Justification: IRC-Bench is documented with full statistics (Tables 1, 2), construction pipeline (Section 3, Figure 1), quality validation (Section 6), and will be released with a datasheet and usage documentation.

14. Crowdsourcing and Research with Human Subjects

Question: For crowdsourcing experiments and research with human subjects, does the paper include the full text of instructions given to participants and screenshots, if applicable?

Answer: NA.

Justification: No crowdsourcing or human subjects research was conducted.

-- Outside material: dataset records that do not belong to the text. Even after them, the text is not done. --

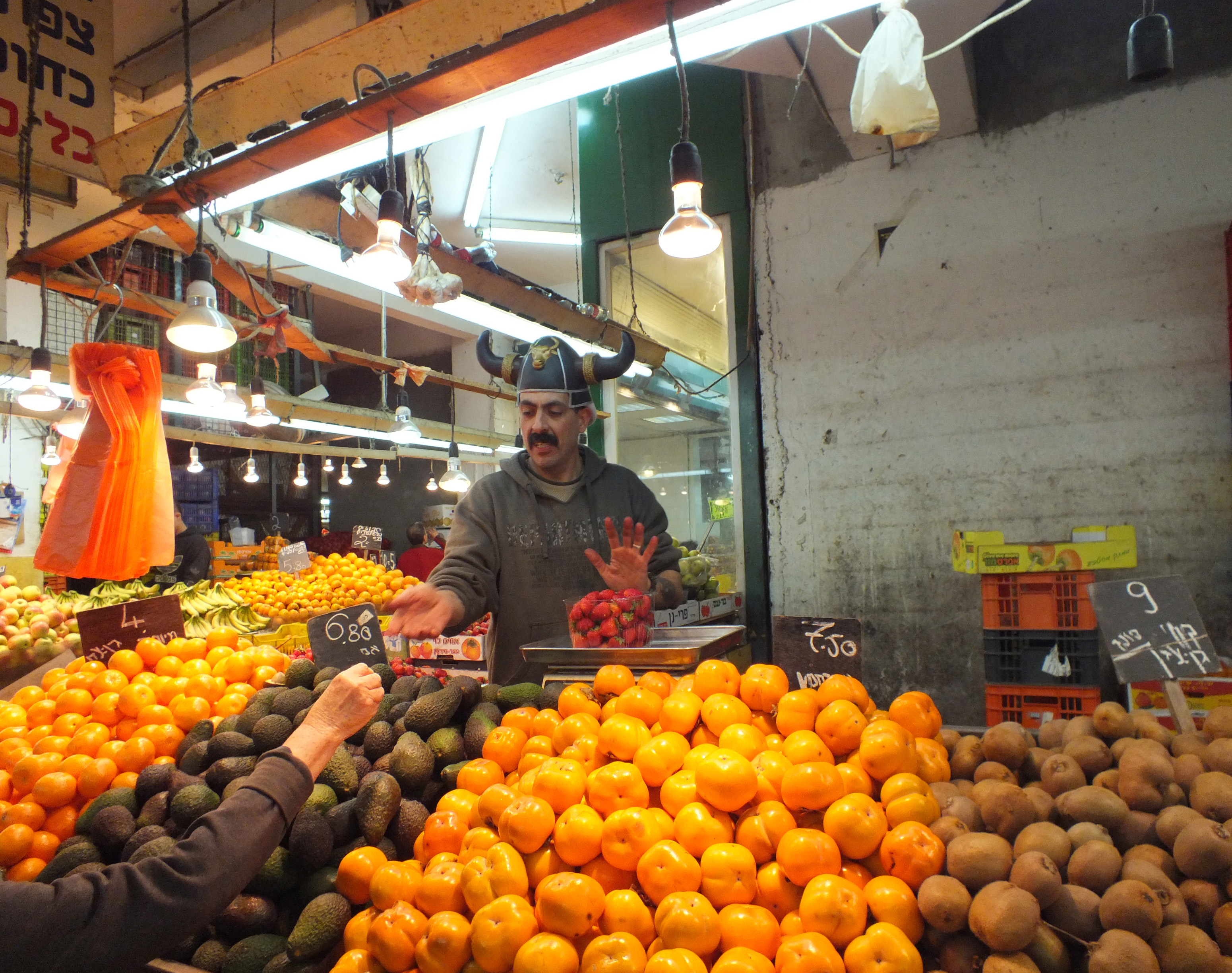 Falah the Viking: Stallmen at Shuk Talpiyot are on the mark for the bidiurnal holiday of Purim with sporadic hints of traditional and less-traditional costumes. Falah (I guess it would be فلاح) also sells fresh fruits on regular days.
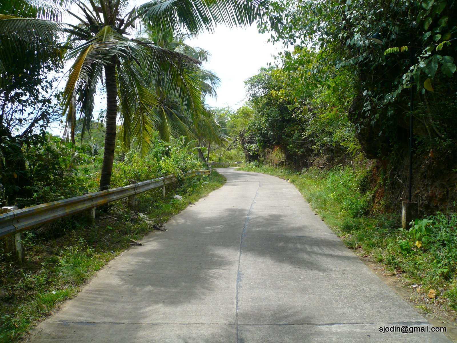 Concrete road on Guimaras island
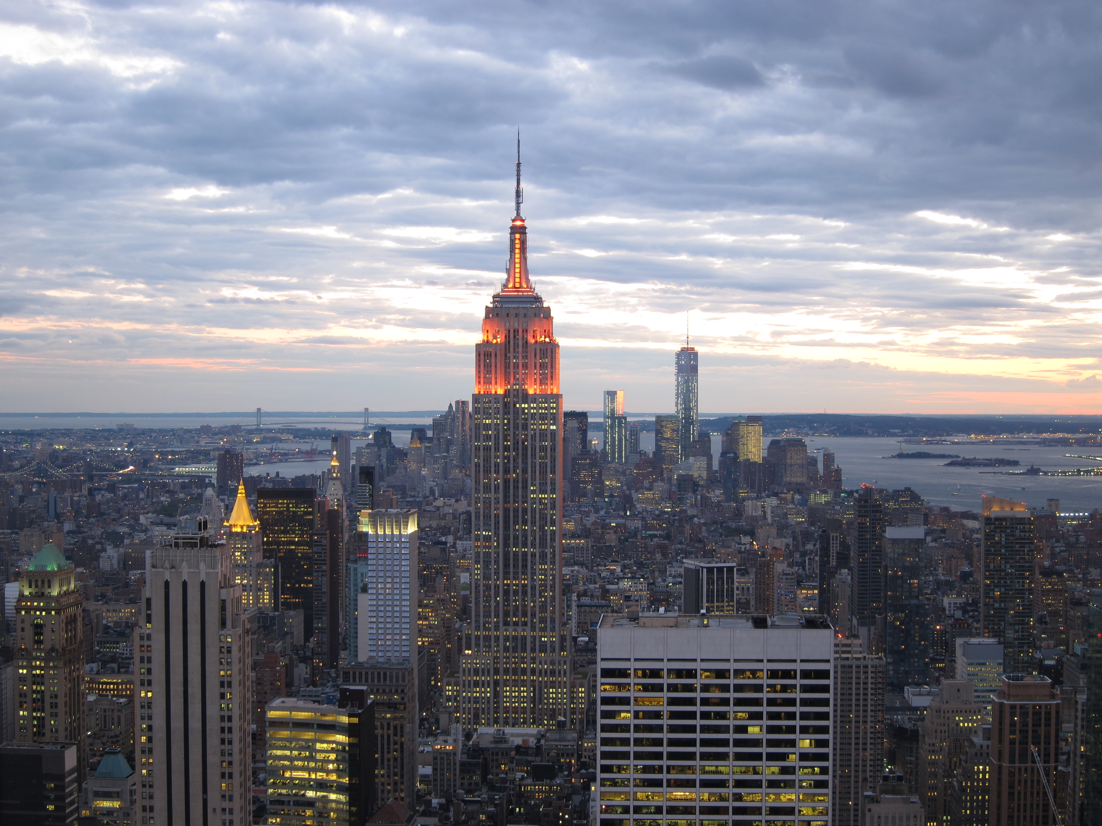 New York
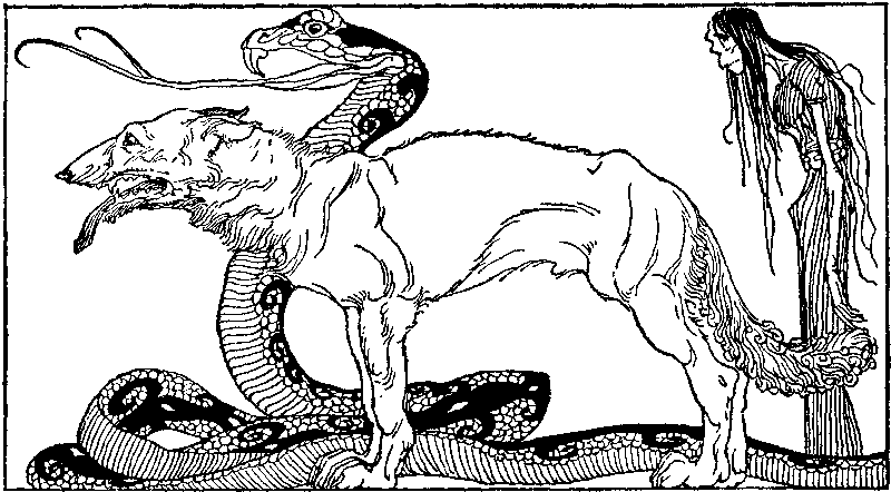 An illustration by Willy Pogany from a chapter from Children of Odin entitled "The children of Loki". No title otherwise given for the work. The three children of Loki in Norse mythology: the serpent Jörmungandr, the wolf Fenrir, and Hel.

Quality validation used automated GPT-4o assessment rather than human annotators.

15. IRB Approvals or Equivalent for Research with Human Subjects

Question: Does the paper describe potential risks incurred by study participants?

Answer: NA.

Justification: No human subjects were involved. The data consists of previously published oral history transcripts from institutional archives.

16. Dataset License

Question: Does the dataset have a license consistent with its intended use?

Answer: Yes.

Justification: IRC-Bench will be released under a permissive open-source license for research use. Source transcripts are from public domain and openly licensed institutional archives.

17. Consent

Question: If the dataset relates to people, was consent obtained?

Answer: Yes.

Justification: All oral history transcripts were collected and published by their respective institutional archives (Library of Congress, universities, memorial projects) with informed consent from participants as part of standard oral history collection protocols.

18. Personal Identifiable Information (PII)

Question: Does the dataset contain data that might be considered personal, sensitive, or private?

Answer: Yes.

Justification: The oral history transcripts contain personal narratives and names of individuals. However, all transcripts were previously published by their respective archives with participant consent, and the benchmark samples are derivative summaries rather than verbatim transcript excerpts.